> Instructions for the task: Copy out exactly the lines beginning with the one that contains "The 3-in-1 Extreme" and ending at the last line of the listing, skipping any pictures.

Material provided START

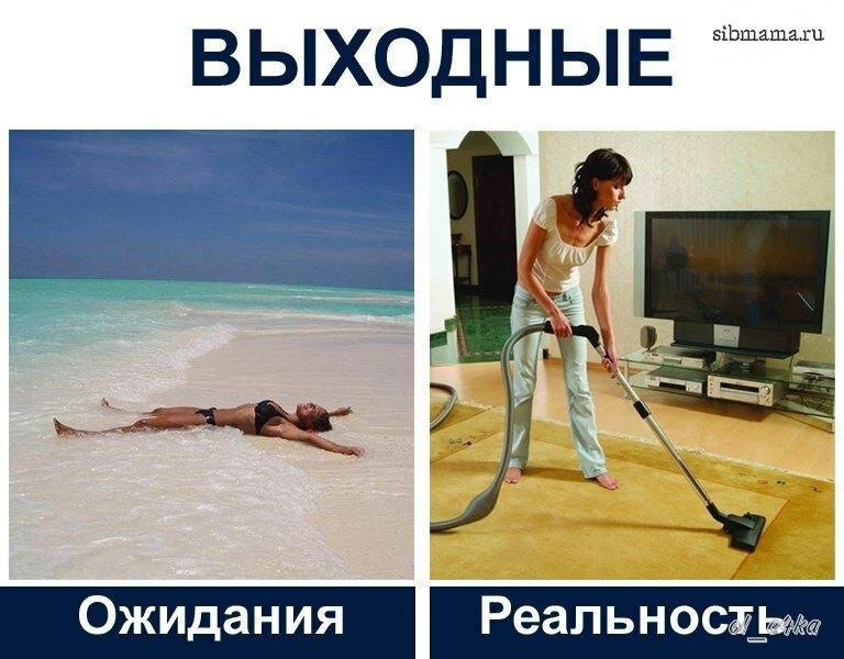 Как проходят наши выходные? Если одним говорить, то энергосберегающе. Вот так, как в этом меме начинается суббота. Бытовые то дела никто не отменял. Терпеть не могу грязь, поэтому после завтрака начинается уборка. Уборка/готовка Обязанности с супругом делим фифти/фифти - он половину комнат, а я оставшуюся. Сына заставляю подбирать и складывать свои вещи и игрушки в комод и коробки, а также относить грязные в корзину для белья. Он обожает водный пылесос и готов бесконечно просить нас пылесосить квартиру. Но все равно помощник из него так себе - скорее мешает. Потом уборка плавно перетекает в готовку обеда) Бассейн и свободное время Потом он самый, а после поход в бассейн с сыном, а там и вечер настает - фри тайм у нас. Сын занят своей аутичной лабудой, а я сплю, либо шарюсь по сети, либо сериалы смотрю. У нас есть мужем традиция совместного просмотра чего-либо под вкусняшки. Иногда вечером ходим в кино/театр/кафе. Тогда ребенка оставляем у родителей. Периодически зовем друзей на нас
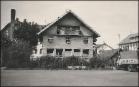 - Erweiterung der Sonne. Balkon. Blick zum alten Pfarrhof mit dem Fachwerk. Der Bühl ist nun geteert. Allmählich wird die Ostseite zum Hauptzugang.
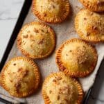 Store cooled hand pies in an airtight container at room temperature for up to 2 days. For longer storage, refrigerate for up to 5 days and reheat in the air fryer or oven to restore crispiness. These pies are best enjoyed warm or at room temperature.
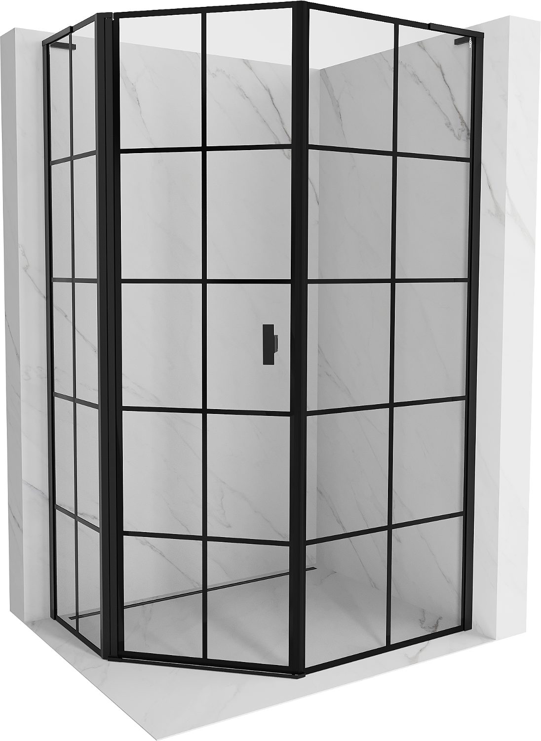 Mexen Mist L asymetrická päťuholníková sprchová kabína otváracia ľavá 80 x 90 cm, čierna mriežka, čierna
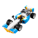 The 3-in-1 Extreme Engines set features a rebuildable Race Car with lots of authentic details, including a large rear engine, side air intakes, wide rims with low profile tires and adjustable wing mirrors and rear spoiler. Features a blue, white, yellow and black color scheme. Adjust the wing mirrors, set the rear spoiler for maximum speed, take your position on the start line and prepare for some high-speed action.
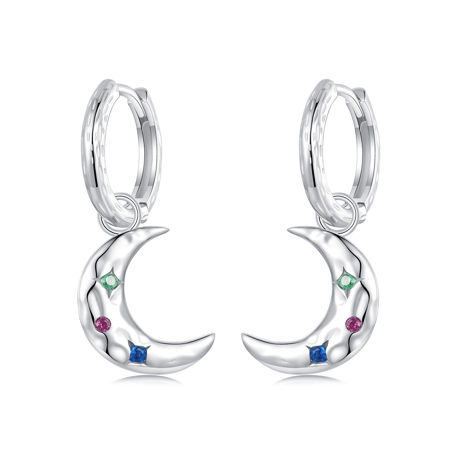Moon earrings, with a textured moon inlaid with colored stones and stars dotted on the moon, symbolizing a romantic and beautiful night with the stars and the moon accompanying each other.

Material provided END

> Answer to this task:
 The 3-in-1 Extreme Engines set features a rebuildable Race Car with lots of authentic details, including a large rear engine, side air intakes, wide rims with low profile tires and adjustable wing mirrors and rear spoiler. Features a blue, white, yellow and black color scheme. Adjust the wing mirrors, set the rear spoiler for maximum speed, take your position on the start line and prepare for some high-speed action.
Moon earrings, with a textured moon inlaid with colored stones and stars dotted on the moon, symbolizing a romantic and beautiful night with the stars and the moon accompanying each other.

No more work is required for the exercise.